Tuesday, September 28, 2010

Running-More than Heel-Toe Heel-Toe

Pull them taught, get in the mode. Make the loops and tie the knot. Stretch the muscles think about the day.  The initial strain starts the melt-away.  Feeling limber, climb into the saloon, the track will be under my feet soon.  Fire up the engine and hear it hum. As I near the drum of my heart takes over.  Jump up and down to loosen up because this body will not stop until it has enough.  Fueled with food and vitamins, but the stress, now that is the stuff!  I feed off the negative "concerns" and that is plenty to get me past the burn.  Press play and night turns into day.  I am a rocket ready to ignite, but good luck seeing me in the shadows of the night.  As a round a corner the music hounds on, but I really do not bother to change the song.  Push, push, push I haven't even begun, before I know it I hear I have completed my run.  I hear congratulations this is the farthest you have gone, but I know tomorrow brings a new dawn.   
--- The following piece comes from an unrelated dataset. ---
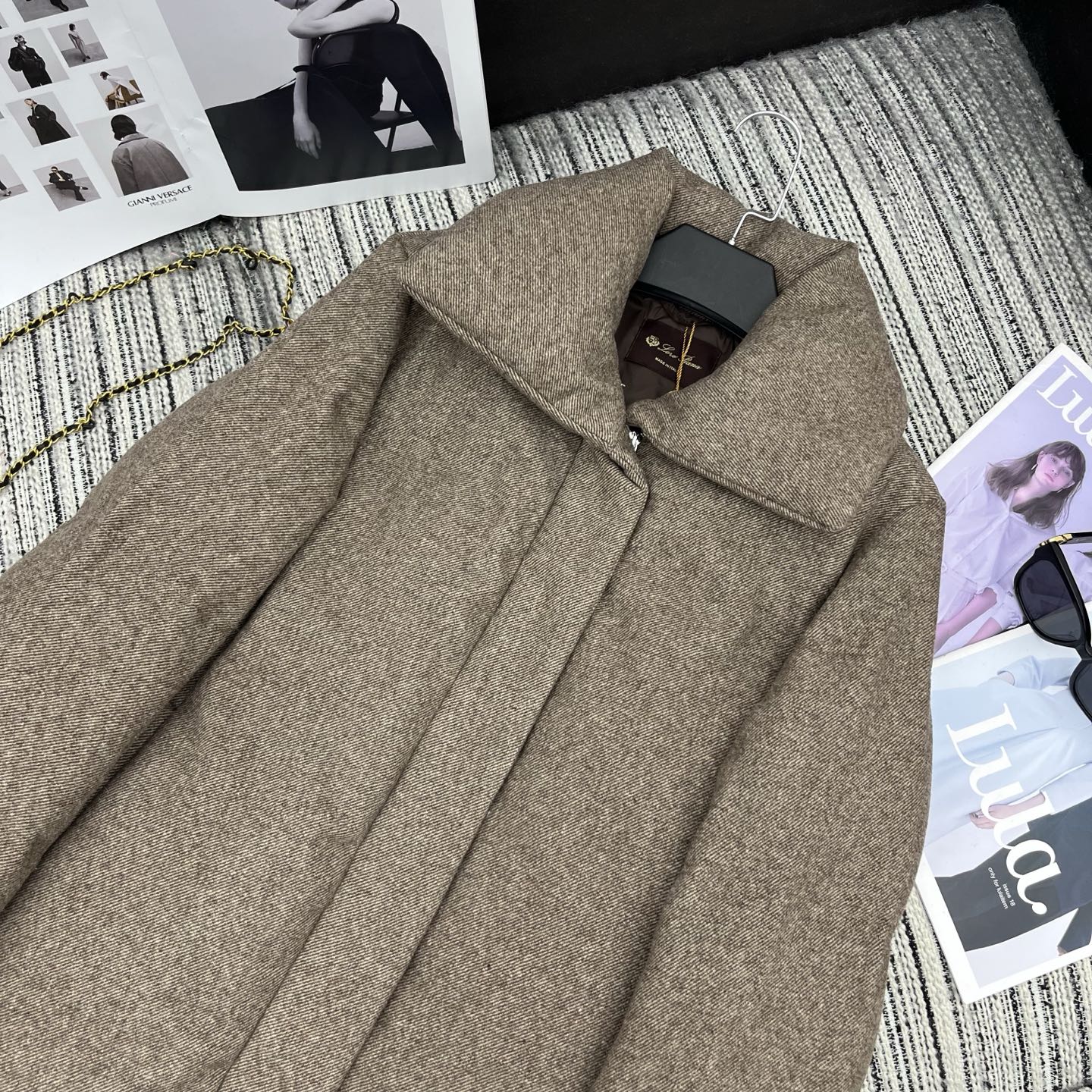 - Material: Wool blend outer shell, 90% white goose down filling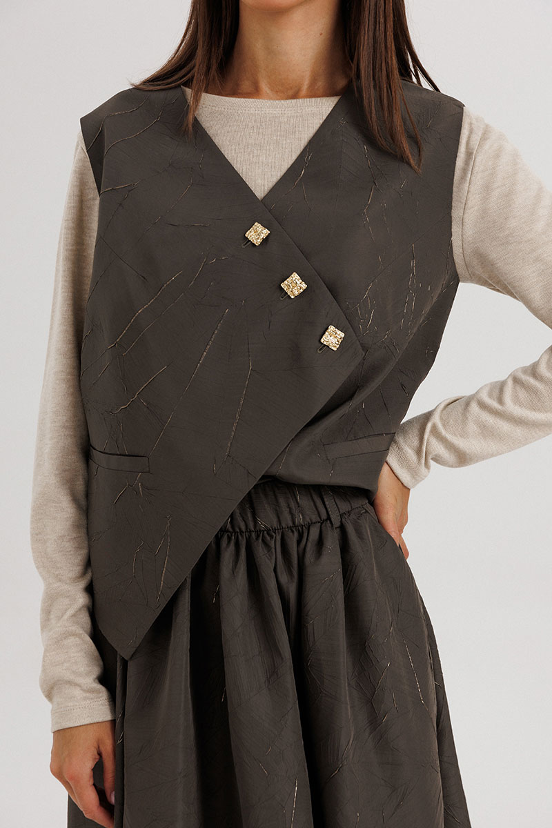 Асимметричная застёжка жилета на декоративные пуговицы

When I hear that my journey is complete reality sets in as I begin to feel the heat.  My body aches and the pain is frightening. Who the heck filled my legs with lighting?  As I walk the pain switch has been set from off to on, and the strain of my madness is far from gone.  My shins burn with a fire-like rage, can I really be getting up there in age? I feel like I am trapped and cannot leave the track, but my mind is free from the toils, which make me want to crack.  Two more steps forward and no steps back, onward toward my car and call it a night.  Tomorrow brings another fight.  A fight to deal with all of the turmoil of the new day, but the next run is not that far away.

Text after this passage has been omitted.